Data records —
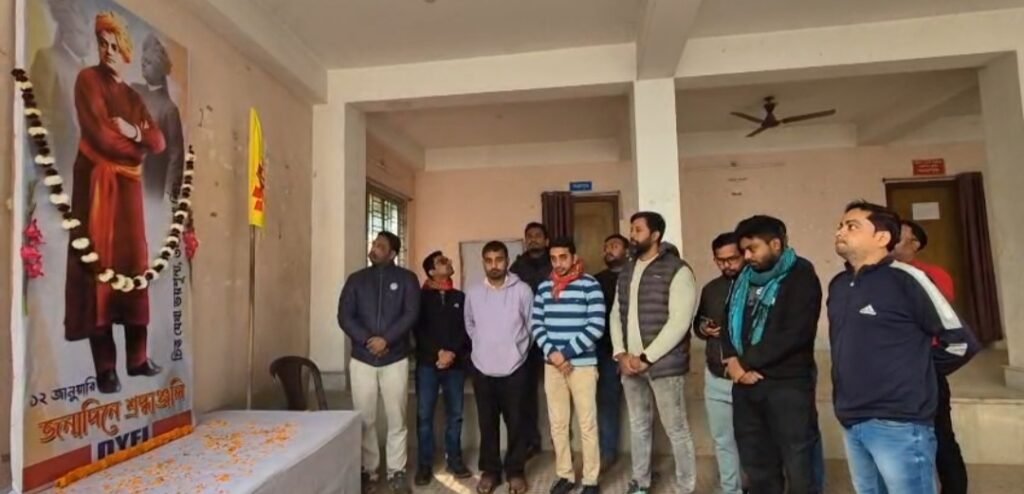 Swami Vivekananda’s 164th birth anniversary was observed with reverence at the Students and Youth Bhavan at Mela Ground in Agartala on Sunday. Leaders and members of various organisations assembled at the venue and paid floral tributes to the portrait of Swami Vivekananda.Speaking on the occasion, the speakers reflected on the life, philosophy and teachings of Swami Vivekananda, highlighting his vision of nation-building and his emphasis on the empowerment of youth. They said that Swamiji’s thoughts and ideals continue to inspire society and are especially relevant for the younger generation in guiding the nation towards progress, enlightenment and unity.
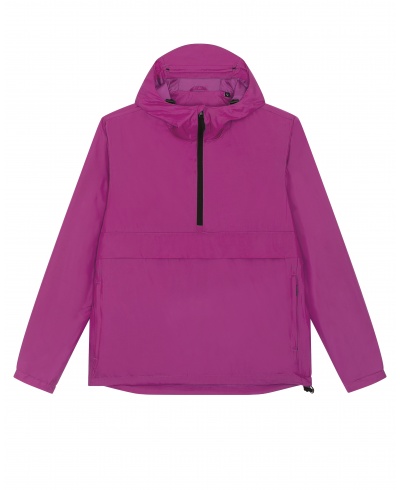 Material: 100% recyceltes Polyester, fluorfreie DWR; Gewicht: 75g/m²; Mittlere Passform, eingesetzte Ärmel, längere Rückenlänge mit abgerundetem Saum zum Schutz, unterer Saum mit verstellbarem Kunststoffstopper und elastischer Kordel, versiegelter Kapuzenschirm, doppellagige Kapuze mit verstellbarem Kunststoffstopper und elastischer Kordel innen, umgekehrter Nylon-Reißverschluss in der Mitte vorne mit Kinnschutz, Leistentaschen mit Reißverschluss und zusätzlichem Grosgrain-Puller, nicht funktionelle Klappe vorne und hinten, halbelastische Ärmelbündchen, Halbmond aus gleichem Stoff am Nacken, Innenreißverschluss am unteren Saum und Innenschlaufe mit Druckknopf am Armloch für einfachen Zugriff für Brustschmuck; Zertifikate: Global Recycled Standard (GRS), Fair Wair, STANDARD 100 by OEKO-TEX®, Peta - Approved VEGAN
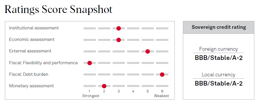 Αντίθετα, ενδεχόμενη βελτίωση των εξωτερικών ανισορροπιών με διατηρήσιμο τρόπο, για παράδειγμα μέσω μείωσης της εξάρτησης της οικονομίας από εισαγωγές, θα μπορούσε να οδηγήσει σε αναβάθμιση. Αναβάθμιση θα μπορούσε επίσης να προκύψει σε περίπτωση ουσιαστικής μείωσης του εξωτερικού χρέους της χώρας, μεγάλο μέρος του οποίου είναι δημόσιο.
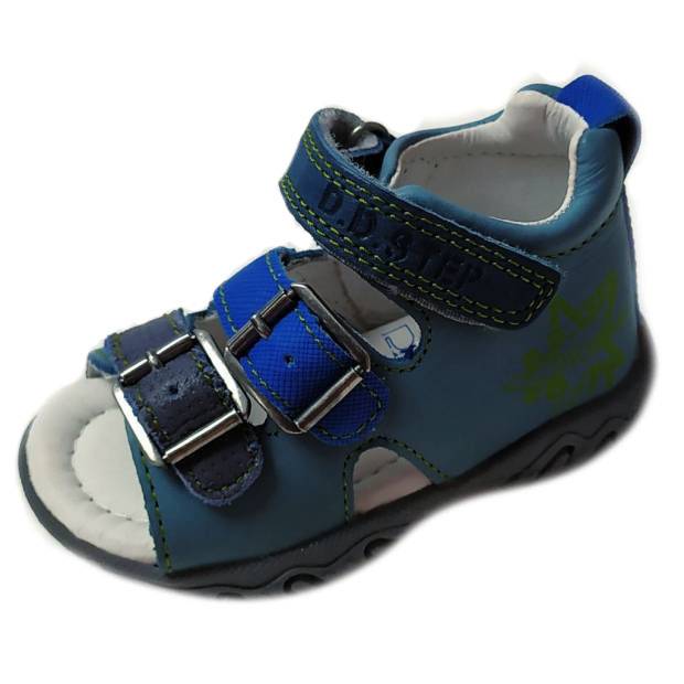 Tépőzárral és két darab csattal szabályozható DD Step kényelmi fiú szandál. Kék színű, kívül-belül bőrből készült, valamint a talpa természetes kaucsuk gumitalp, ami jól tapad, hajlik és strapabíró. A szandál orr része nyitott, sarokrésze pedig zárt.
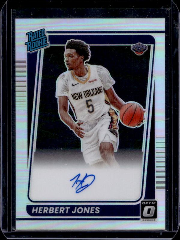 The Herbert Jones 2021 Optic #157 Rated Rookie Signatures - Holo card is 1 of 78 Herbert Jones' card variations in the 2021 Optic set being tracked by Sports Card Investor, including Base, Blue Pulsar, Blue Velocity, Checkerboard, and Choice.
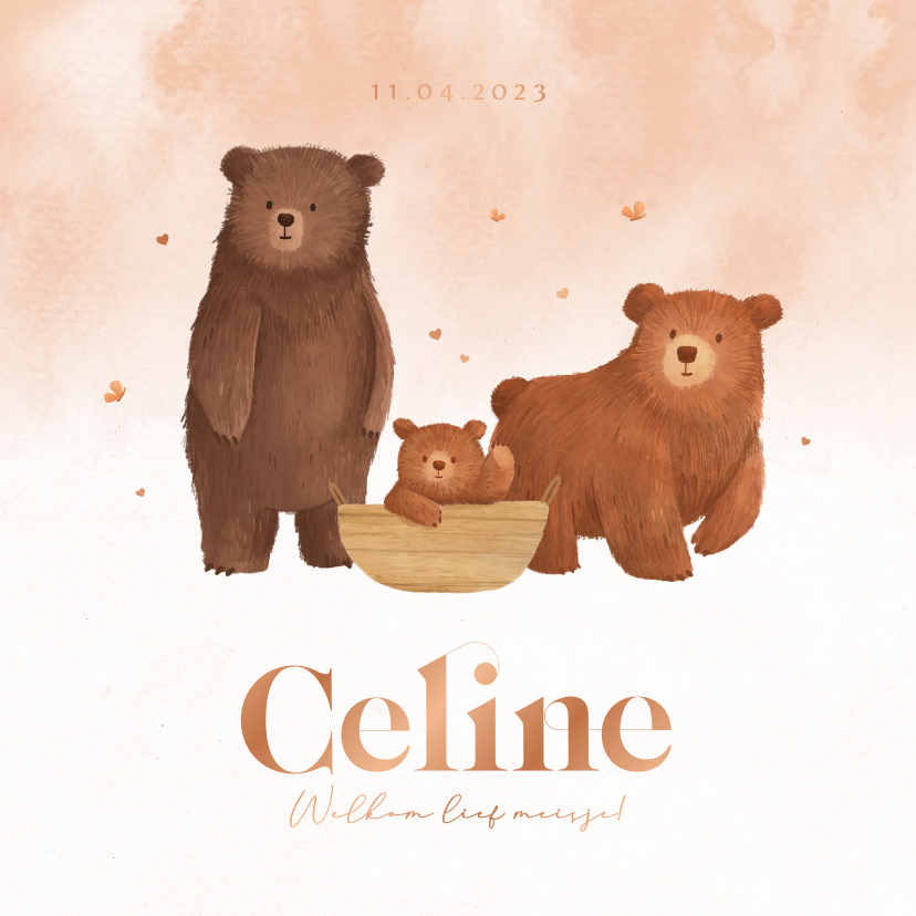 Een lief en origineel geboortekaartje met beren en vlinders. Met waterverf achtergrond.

Aim of the task — Exact copies of all the entries, without any pictures, are what the answer must contain.

The completed task —
 Swami Vivekananda’s 164th birth anniversary was observed with reverence at the Students and Youth Bhavan at Mela Ground in Agartala on Sunday. Leaders and members of various organisations assembled at the venue and paid floral tributes to the portrait of Swami Vivekananda.Speaking on the occasion, the speakers reflected on the life, philosophy and teachings of Swami Vivekananda, highlighting his vision of nation-building and his emphasis on the empowerment of youth. They said that Swamiji’s thoughts and ideals continue to inspire society and are especially relevant for the younger generation in guiding the nation towards progress, enlightenment and unity.
 Material: 100% recyceltes Polyester, fluorfreie DWR; Gewicht: 75g/m²; Mittlere Passform, eingesetzte Ärmel, längere Rückenlänge mit abgerundetem Saum zum Schutz, unterer Saum mit verstellbarem Kunststoffstopper und elastischer Kordel, versiegelter Kapuzenschirm, doppellagige Kapuze mit verstellbarem Kunststoffstopper und elastischer Kordel innen, umgekehrter Nylon-Reißverschluss in der Mitte vorne mit Kinnschutz, Leistentaschen mit Reißverschluss und zusätzlichem Grosgrain-Puller, nicht funktionelle Klappe vorne und hinten, halbelastische Ärmelbündchen, Halbmond aus gleichem Stoff am Nacken, Innenreißverschluss am unteren Saum und Innenschlaufe mit Druckknopf am Armloch für einfachen Zugriff für Brustschmuck; Zertifikate: Global Recycled Standard (GRS), Fair Wair, STANDARD 100 by OEKO-TEX®, Peta - Approved VEGAN
 Αντίθετα, ενδεχόμενη βελτίωση των εξωτερικών ανισορροπιών με διατηρήσιμο τρόπο, για παράδειγμα μέσω μείωσης της εξάρτησης της οικονομίας από εισαγωγές, θα μπορούσε να οδηγήσει σε αναβάθμιση. Αναβάθμιση θα μπορούσε επίσης να προκύψει σε περίπτωση ουσιαστικής μείωσης του εξωτερικού χρέους της χώρας, μεγάλο μέρος του οποίου είναι δημόσιο.
 Tépőzárral és két darab csattal szabályozható DD Step kényelmi fiú szandál. Kék színű, kívül-belül bőrből készült, valamint a talpa természetes kaucsuk gumitalp, ami jól tapad, hajlik és strapabíró. A szandál orr része nyitott, sarokrésze pedig zárt.
 The Herbert Jones 2021 Optic #157 Rated Rookie Signatures - Holo card is 1 of 78 Herbert Jones' card variations in the 2021 Optic set being tracked by Sports Card Investor, including Base, Blue Pulsar, Blue Velocity, Checkerboard, and Choice.
 Een lief en origineel geboortekaartje met beren en vlinders. Met waterverf achtergrond.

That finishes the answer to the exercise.